Density, Covid, and the Modifiable Areal Unit Problem

The statistical association (bracketing causal inference at this point) between people living near one another (population density) and the rate of COVID-19 cases seems to vary between different levels of aggregation (e.g. neighborhood versus city versus state). This is called the Modifiable Areal Unit Problem which arises from aggregating point data (in context, individual cases of COVID-19) into geographic boundaries. Relationships at one level do not always hold at other aggregate levels, or at the individual level (what’s called the ecological fallacy).

For example, New York City, the densest city in the United States, has suffered tremendously from COVID-19 — more so than the vast majority of the country, which is less dense than it. But within the city of New York, much less dense parts like Staten Island and the Outer Bronx  are hurting much more than the densest part — Manhattan. One important point made in these discussions by density apologists (like me) is the distinction between overcrowding (many individuals, or families, living in a single house or apartment) and density (many people living in the same geographic area). Economic deprivation and its impact on health is another important factor.

But there remain important discussions about how other things related to density, like different modes of transit, might impact infectious disease spread (perhaps especially in the US, for some reasons — very dense places with very heavy public transit usage in Asia, like Seoul or Hong Kong, seem to have weathered COVID more successfully, as has Germany).

Between municipalities in Massachusetts, there is a pretty substantial relationship between population density and COVID case rates. The following plots are subset to cities and towns with 5 or more cases (293 of the 351 total municipalities) because of how the DPH censors places with low case counts.

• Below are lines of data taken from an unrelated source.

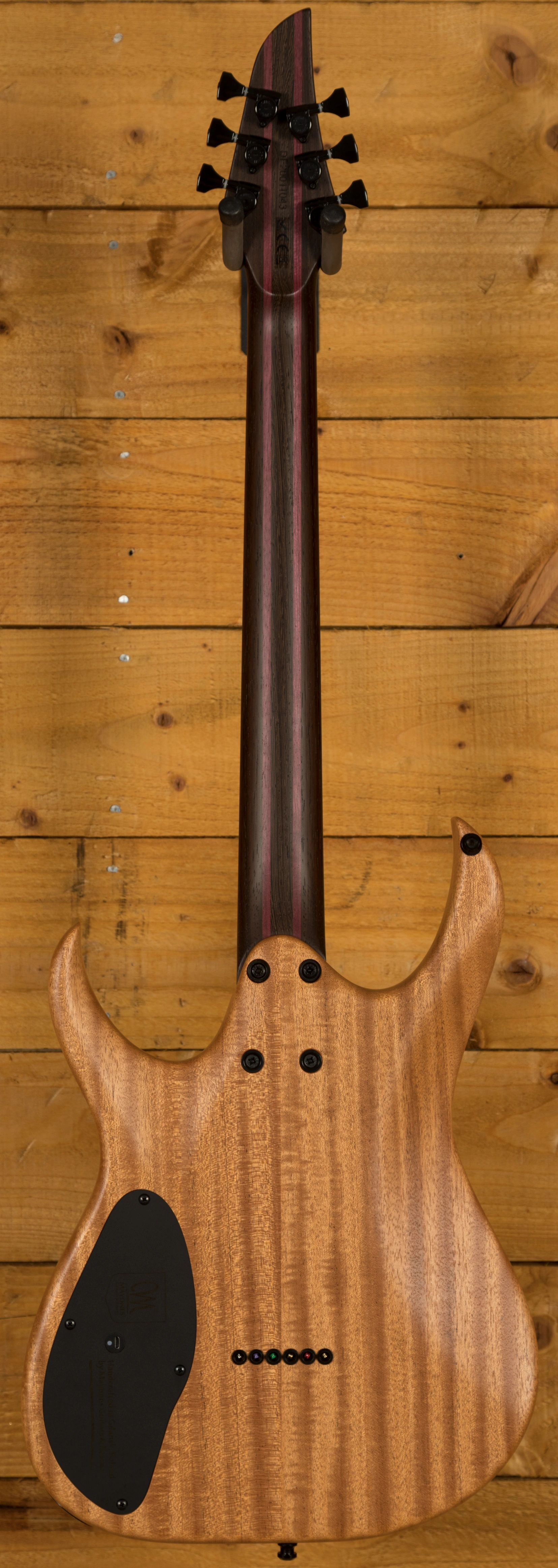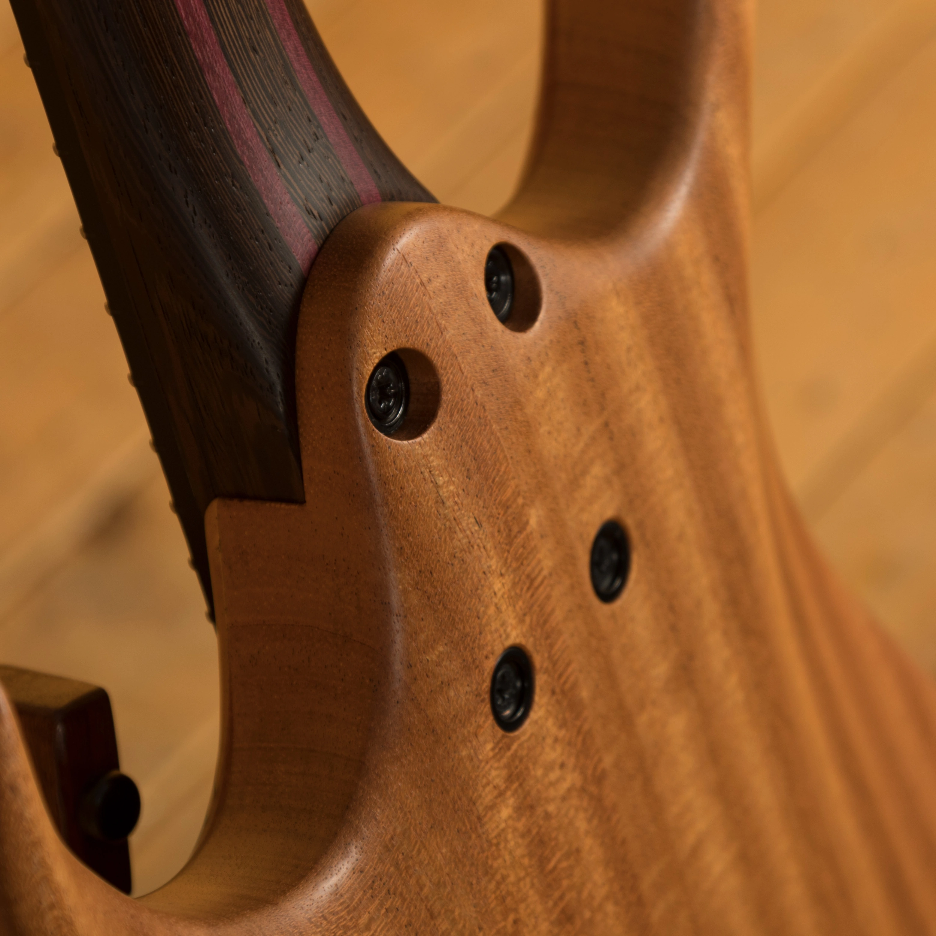 The Wenge/Purpleheart neck boasts a slick Ebony fingerboard, with 24 stainless steel frets and a 25.4" scale length, its comfortable and fast. The 16" radius feels great under hand and offers a platform perfect for both low end riffing and treble side lead work.
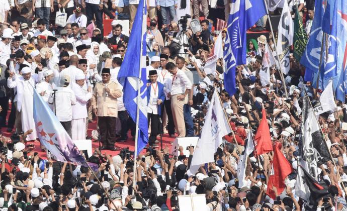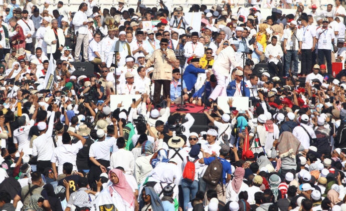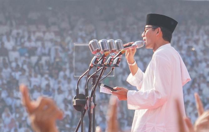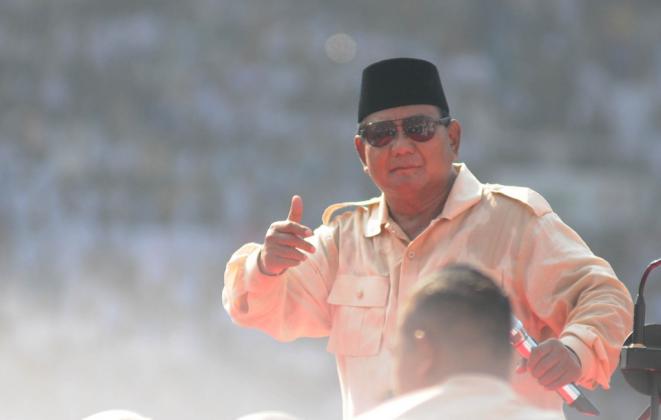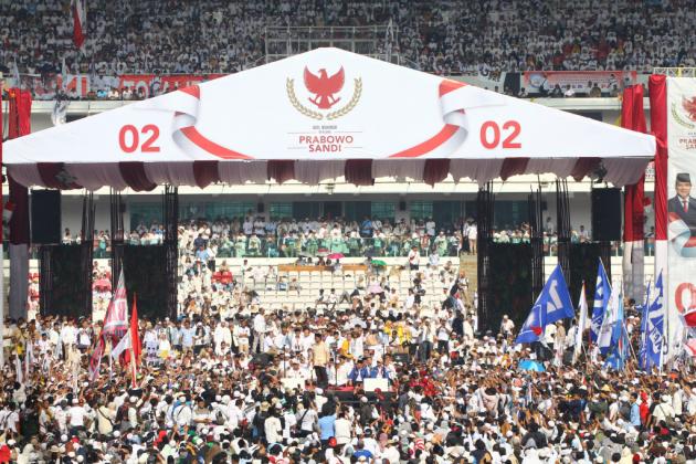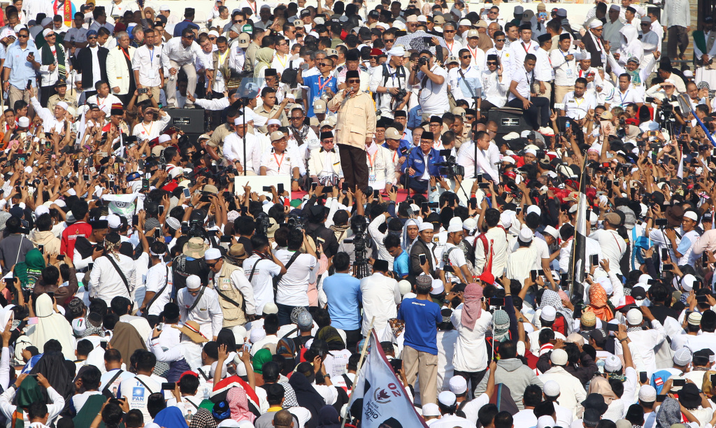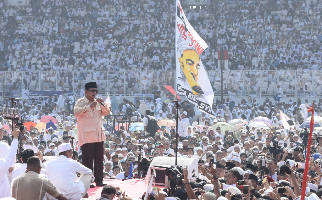 Calon Presiden nomor urut 02 Prabowo Subianto saat berpidato didepan pendukungnya saat kampanye akbar di Stadion Utama Gelora Bung Karno (SUGBK), Senayan, Jakarta, Minggu (7/4/2019). Kampanye tersebut diikuti ribuan simpatisan pendukung Prabowo-Sandi. AKTUAL/Tino Oktaviano
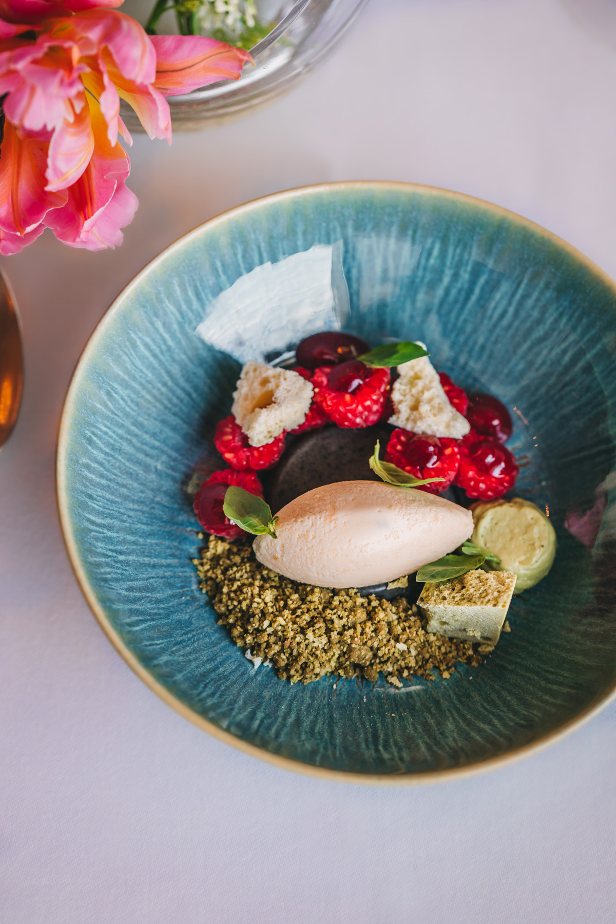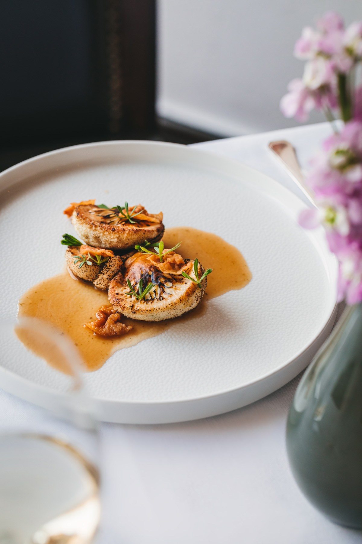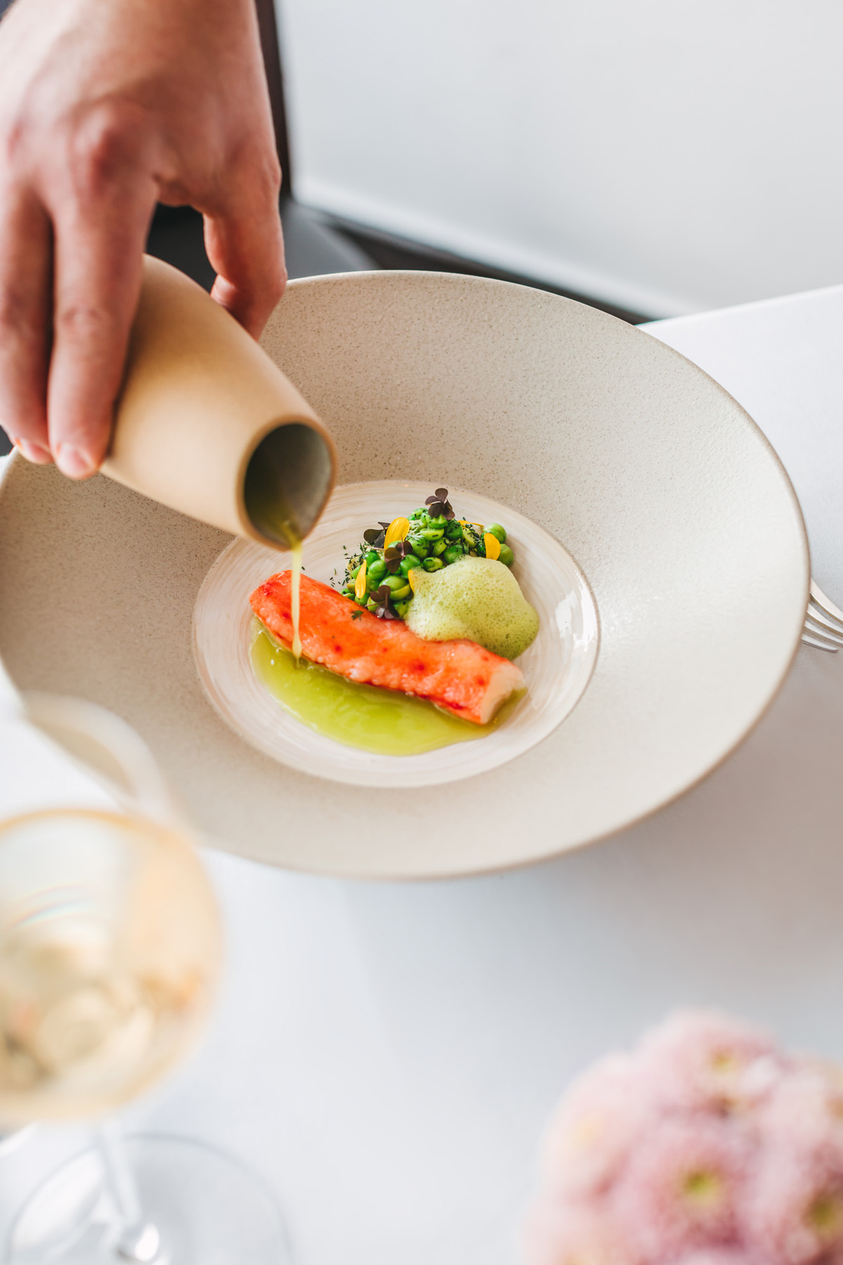 Za pravi okus po morju so tu poširani listi s peno iz limonske trave in bučkinim cvetom ter file morske spake s timutovim poprom v kombinaciji z v olupku pečenim pastinakom, mariniranim z medom in pomarančo.

density_mamunis_may8_nologPoor, blue-collar,  dense, and heavily Latino Chelsea is the top right point, and majority-Black Brockton is the second highest point (around 5000 people per square mile). Somerville and Cambridge, the two densest cities in the state, have around 15% the case incidence as Chelsea, the third densest. Both these variables are right skewed, and here’s the same plot using logarithms:

density_mamunis_may8This relationship holds net of income and with county fixed effects, but of course there are other confounders. County fixed effects — which deal with the weirdness of the state’s island counties comprising Nantucket and Martha’s Vineyard, and possibly control for some other unobservables — weaken the association with density somewhat and boost the protective association with income.

Municipal association between density/income and COVID case rates (May 8)
Dependent variable:
log(Covid Rate per 10,000)
(1) (2)
log(Population Density) 0.347*** 0.290***
(0.025) (0.033)
log(Income per Capita) -0.217*** -0.273***
(0.063) (0.075)
Observations 293 293
County Fixed Effects No Yes
Adjusted R2 0.394 0.407
Residual Std. Error 0.532 (df = 290) 0.526 (df = 277)
Note: *p<0.1; **p<0.05; ***p<0.01

However, at the neighborhood level around Boston, this relationship doesn’t hold. Instead, density is inversely related with case-incidence, which I imagine is mostly owing to socioeconomic and racial confounders, and perhaps age (I also wonder how reliably population density statistics capture places like Allston-Brighton and Fenway with large college populations when many college students have left). As of May 8th:


A different relationship holds at different levels of analysis. At the municipal level, density is associated with more COVID cases, but at the neighborhood level it is not. It would be good to have a direct measure of household-level overcrowding, among other things to really know what’s going on. Plus there’s a temporal dimension: big cities with more global connectivity may be further along their pandemic “curve” than more remote places. But the point I’m making here is that one shouldn’t assume relationships hold across different aggregate levels of analysis.

Data sources: MA DPH , MA Department of Revenue, Boston Public Health Commission, Brookline DPH, Weighted averages of zipcode population densities (e.g. here) for Boston neighborhoods.